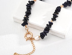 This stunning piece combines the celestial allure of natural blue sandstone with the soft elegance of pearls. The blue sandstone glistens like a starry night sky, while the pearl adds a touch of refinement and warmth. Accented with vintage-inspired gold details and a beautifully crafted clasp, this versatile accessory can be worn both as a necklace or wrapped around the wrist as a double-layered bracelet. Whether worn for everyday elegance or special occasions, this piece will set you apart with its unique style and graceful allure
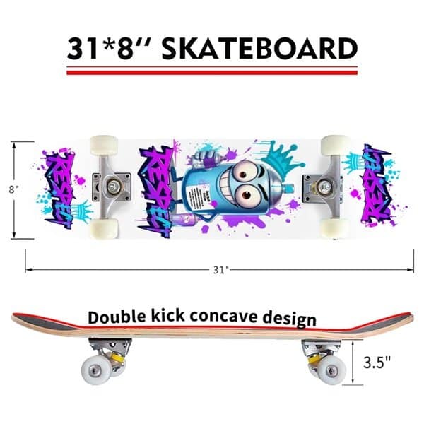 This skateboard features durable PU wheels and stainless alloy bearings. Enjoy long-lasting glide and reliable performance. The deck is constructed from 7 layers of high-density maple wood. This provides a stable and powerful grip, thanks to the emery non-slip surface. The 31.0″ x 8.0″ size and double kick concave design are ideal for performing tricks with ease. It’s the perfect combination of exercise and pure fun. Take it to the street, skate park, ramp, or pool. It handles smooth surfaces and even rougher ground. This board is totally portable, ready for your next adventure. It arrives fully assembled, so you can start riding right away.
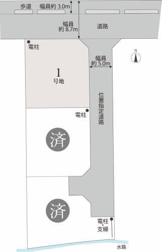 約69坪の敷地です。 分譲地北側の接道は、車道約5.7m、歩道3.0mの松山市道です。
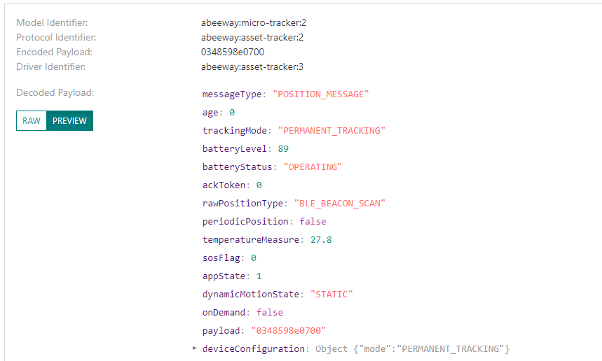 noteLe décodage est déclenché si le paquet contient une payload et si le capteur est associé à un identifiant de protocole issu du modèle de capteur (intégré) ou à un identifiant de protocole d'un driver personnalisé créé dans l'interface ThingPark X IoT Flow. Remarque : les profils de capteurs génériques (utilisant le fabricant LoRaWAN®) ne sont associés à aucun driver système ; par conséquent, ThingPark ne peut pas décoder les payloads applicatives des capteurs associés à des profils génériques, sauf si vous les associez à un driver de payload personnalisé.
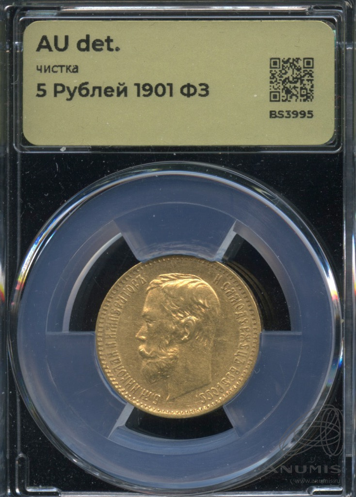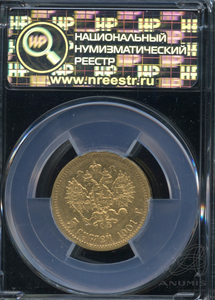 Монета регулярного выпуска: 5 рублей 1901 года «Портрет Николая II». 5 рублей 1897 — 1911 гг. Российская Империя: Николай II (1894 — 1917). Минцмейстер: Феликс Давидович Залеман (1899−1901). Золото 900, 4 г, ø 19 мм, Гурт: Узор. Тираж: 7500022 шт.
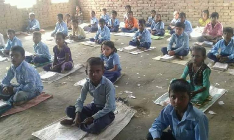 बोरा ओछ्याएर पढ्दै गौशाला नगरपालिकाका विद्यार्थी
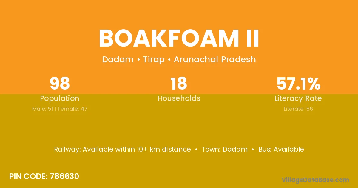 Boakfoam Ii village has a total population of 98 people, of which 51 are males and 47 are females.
☆ ☆ ☆
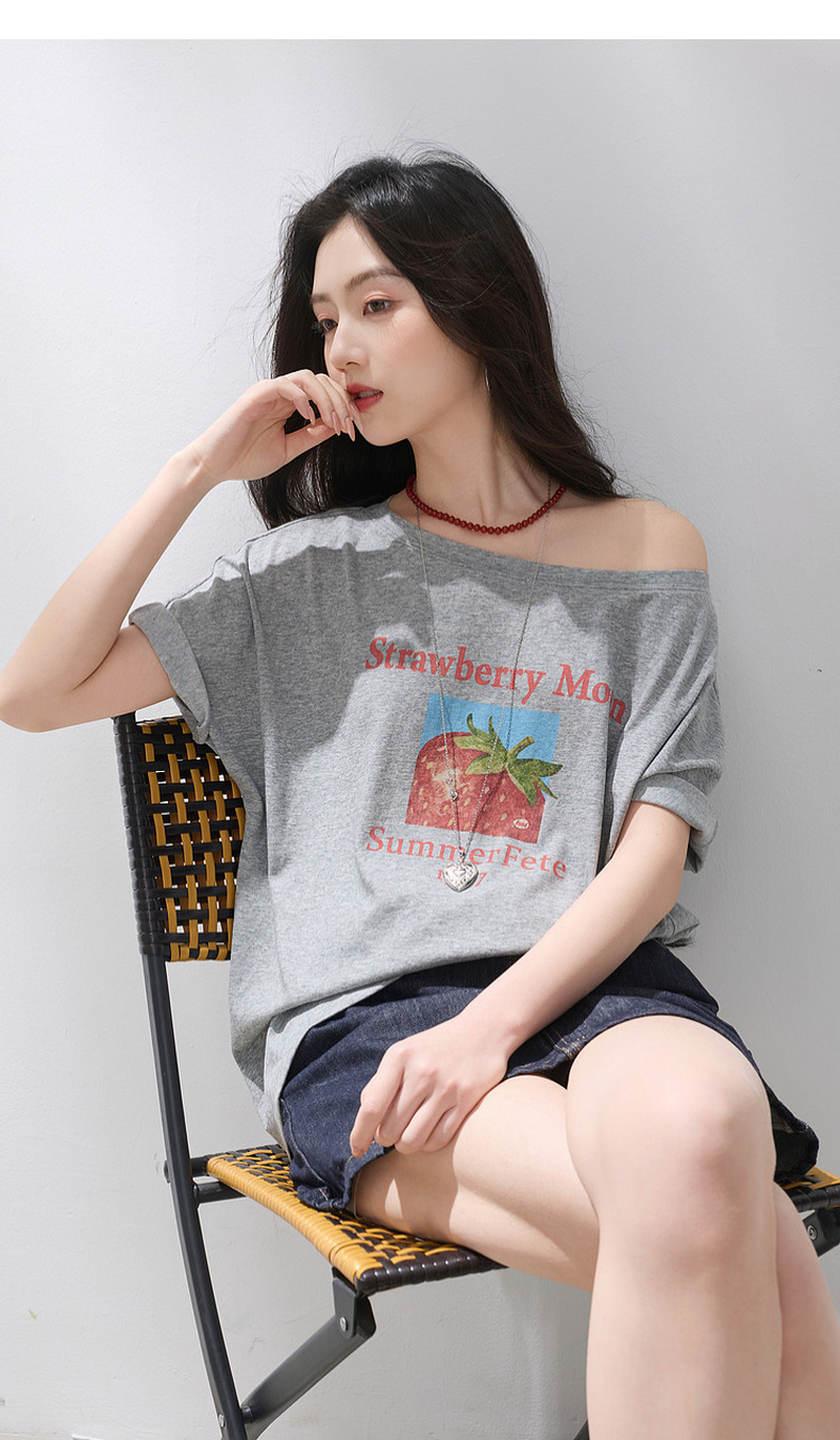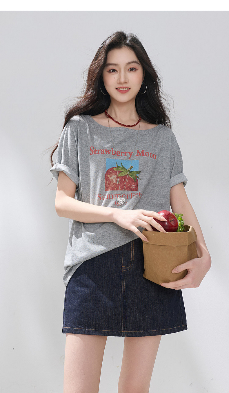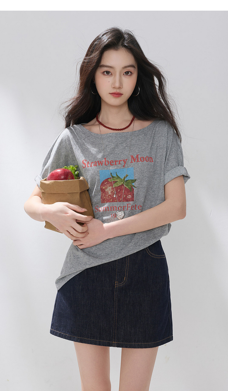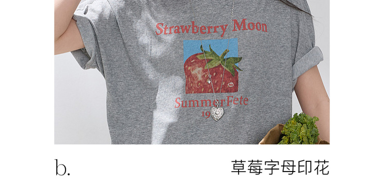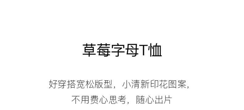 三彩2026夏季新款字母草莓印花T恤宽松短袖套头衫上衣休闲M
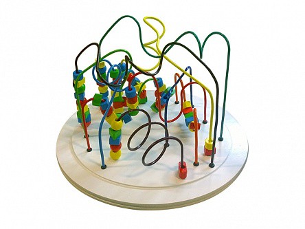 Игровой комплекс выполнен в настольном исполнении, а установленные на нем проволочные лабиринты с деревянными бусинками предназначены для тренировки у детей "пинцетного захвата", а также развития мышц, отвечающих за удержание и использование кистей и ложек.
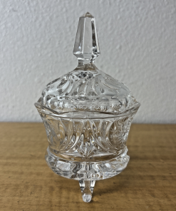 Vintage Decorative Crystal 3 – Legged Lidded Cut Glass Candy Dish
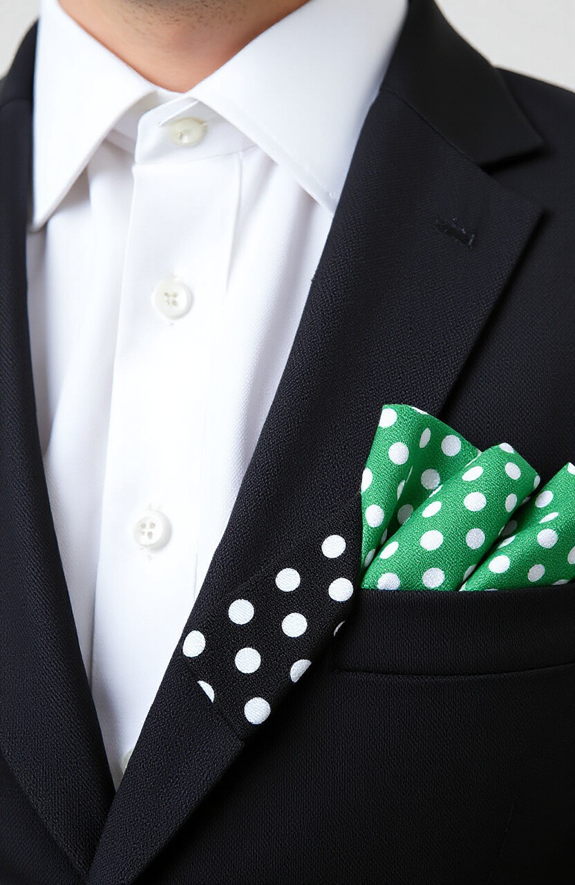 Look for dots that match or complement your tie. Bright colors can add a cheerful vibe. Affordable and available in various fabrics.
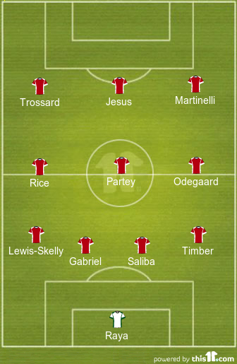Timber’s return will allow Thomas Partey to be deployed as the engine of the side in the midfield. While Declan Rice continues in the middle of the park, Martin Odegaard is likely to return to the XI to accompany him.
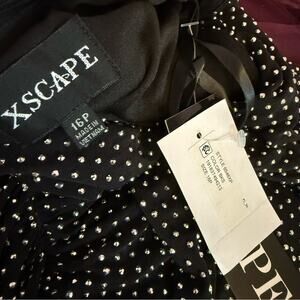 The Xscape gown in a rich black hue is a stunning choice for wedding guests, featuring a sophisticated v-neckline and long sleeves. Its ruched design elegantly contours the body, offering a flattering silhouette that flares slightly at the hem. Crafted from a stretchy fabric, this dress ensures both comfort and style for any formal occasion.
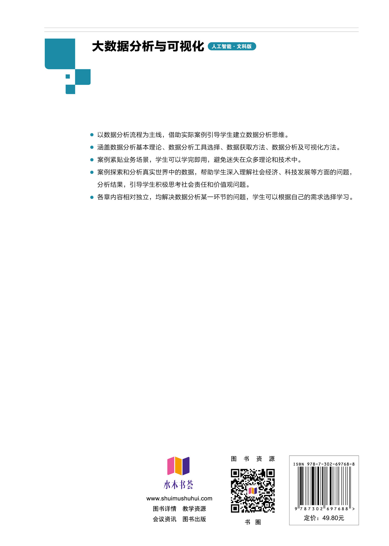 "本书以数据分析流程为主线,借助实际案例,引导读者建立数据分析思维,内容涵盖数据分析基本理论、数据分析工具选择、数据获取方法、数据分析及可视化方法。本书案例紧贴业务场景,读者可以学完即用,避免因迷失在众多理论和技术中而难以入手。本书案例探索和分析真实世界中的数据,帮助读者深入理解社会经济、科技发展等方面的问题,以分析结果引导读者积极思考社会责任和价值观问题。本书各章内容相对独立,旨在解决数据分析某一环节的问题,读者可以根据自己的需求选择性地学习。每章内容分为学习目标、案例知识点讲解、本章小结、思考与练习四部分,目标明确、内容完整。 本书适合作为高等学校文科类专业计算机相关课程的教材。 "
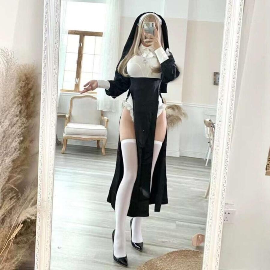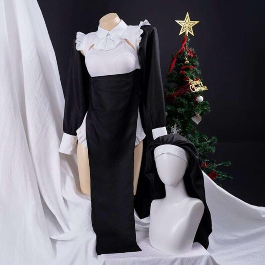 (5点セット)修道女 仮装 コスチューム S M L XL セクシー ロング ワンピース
☆ ☆ ☆
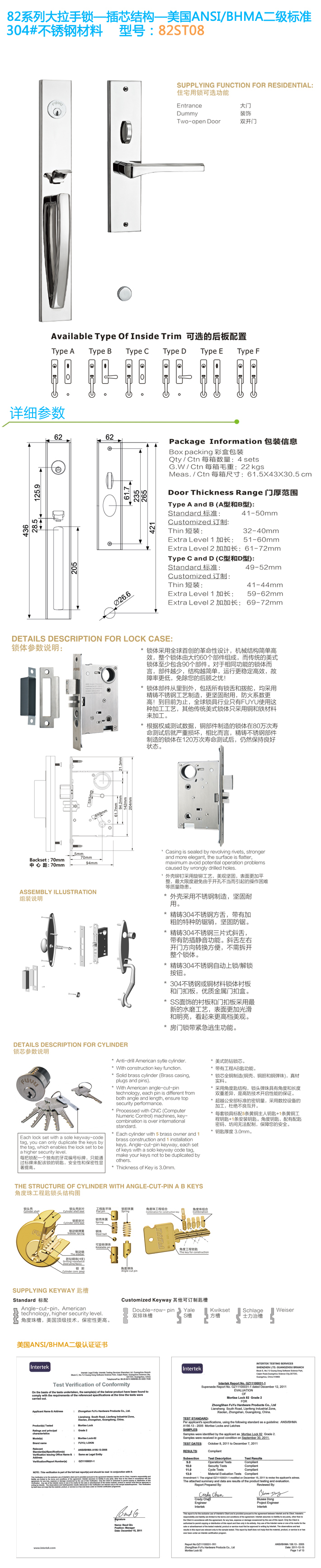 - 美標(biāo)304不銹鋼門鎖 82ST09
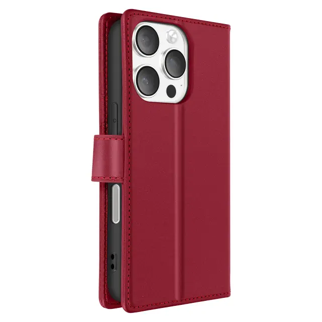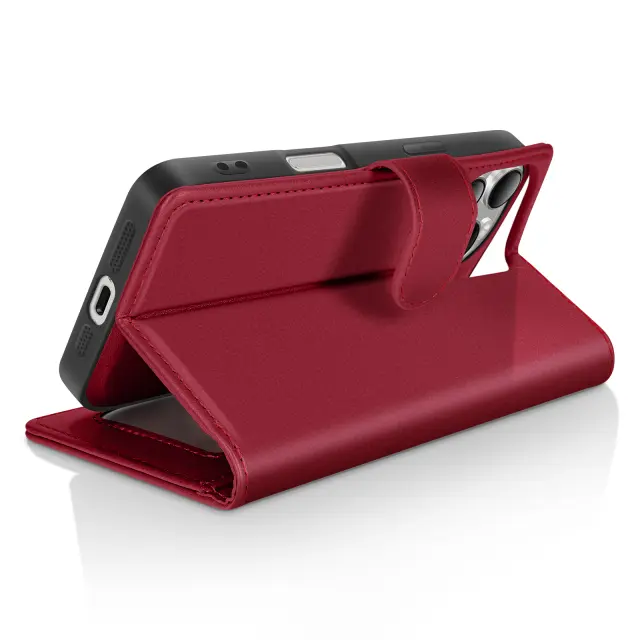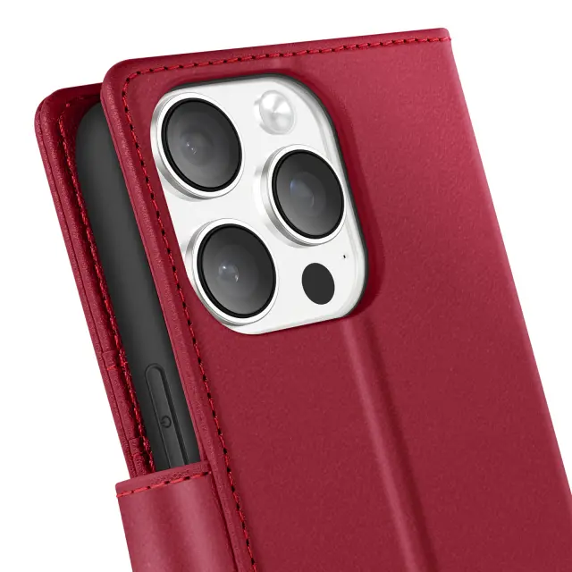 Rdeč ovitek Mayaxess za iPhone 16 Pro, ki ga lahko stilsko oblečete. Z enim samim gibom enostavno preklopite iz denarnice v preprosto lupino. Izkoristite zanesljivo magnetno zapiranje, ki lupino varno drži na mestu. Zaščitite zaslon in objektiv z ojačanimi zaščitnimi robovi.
☆ ☆ ☆
### Work to complete
Pictures excluded, transcribe the listing above exactly from the line with "Игровой комплекс выполнен" through the line with "Timber’s return will", and no further.

### Task result
 Игровой комплекс выполнен в настольном исполнении, а установленные на нем проволочные лабиринты с деревянными бусинками предназначены для тренировки у детей "пинцетного захвата", а также развития мышц, отвечающих за удержание и использование кистей и ложек.
 Vintage Decorative Crystal 3 – Legged Lidded Cut Glass Candy Dish
 Look for dots that match or complement your tie. Bright colors can add a cheerful vibe. Affordable and available in various fabrics.
Timber’s return will allow Thomas Partey to be deployed as the engine of the side in the midfield. While Declan Rice continues in the middle of the park, Martin Odegaard is likely to return to the XI to accompany him.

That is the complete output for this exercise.